Write the expression for $T^2$.

    $T^2=\left(\frac{4{\pi }^2}{g}\right)L$                                                                                                         (VI)

From equation (VI), slope of the graph is $\frac{4{\pi }^2}{g}$.

    $m=\frac{4{\pi }^2}{g}$                                                                                                               (VII)

Here, $m$ is the slope of the graph.

Rearrange expression (VII) to find $g$.

    $g=\frac{4{\pi }^2}{m}$                                                                                                               (VIII)

Conclusion:

The slope of graph is got as $3.97{\text{s}}^2\text{/m}$. Substitute $3.97{\text{s}}^2\text{/m}$ for $m$ in equation (VIII) to find $g$.

    $\begin{array}{c}g=\frac{4{\pi }^2}{3.97{\text{s}}^2\text{/m}}\\ =9.94{\text{m/s}}^2\end{array}$

Therefore, Figure 1 gives the plot between $T^2$ and $L$ and the value of acceleration due to gravity from the slope of graph is $\underset{\_}{9.94{\text{m/s}}^2}$.

(d)

To determine

The level of closeness of $g$ from graph to the accepted value of $g$.

Answer to Problem 44P

The value of $g$ from graph is $1.5\%$ close to the accepted value of $g$.

Explanation of Solution

Write the expression to find the level of closeness of acceleration due to gravity from graph and accepted value of $g$.
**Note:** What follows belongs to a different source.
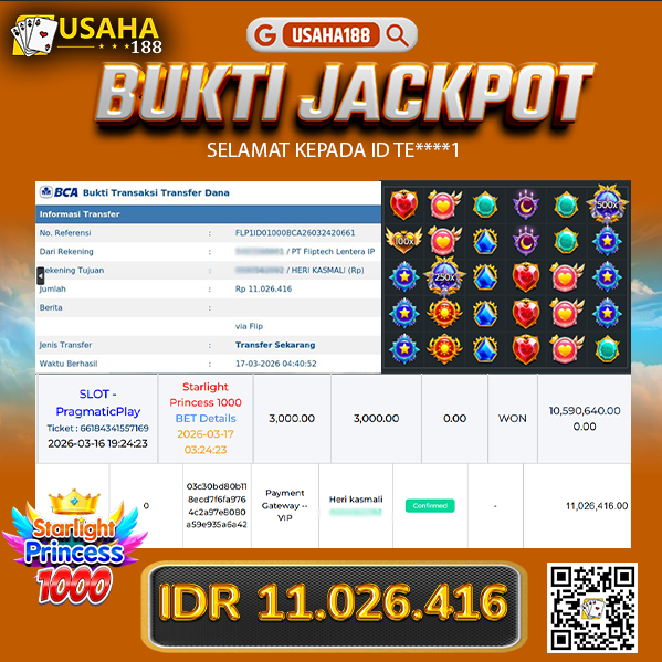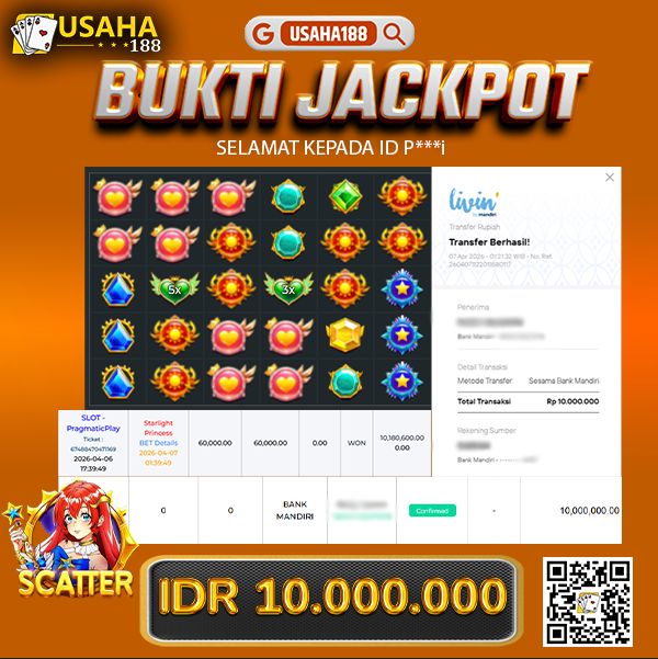 USAHA188 Merupakan Situs Slot Gacor Terpercaya Yang Kembali Menghadirkan Kemenangan Murni Pada Member D***n Pada Permainan Starlight Princess 1000 Dengan Total Kemenangan 25.000.000,- Dibayar Penuh Tanpa Potongan

    $g\%=\frac{g_g}{g}\times 100\%$                                                                                                     (IX)

Here, $g_g$ is the value of acceleration due to gravity from the graph.

Conclusion:

Substitute $9.94{\text{m/s}}^2$ for $g$, and $9.80{\text{m/s}}^2$ for $g$ in equation (IX) to find $g\%$.

    $\begin{array}{c}g\%=\frac{9.94{\text{m/s}}^2}{9.80{\text{m/s}}^2}\times 100\%\\ =1.5\%\end{array}$

Therefore, the value of $g$ from graph is $1.5\%$ close to the accepted value of $g$.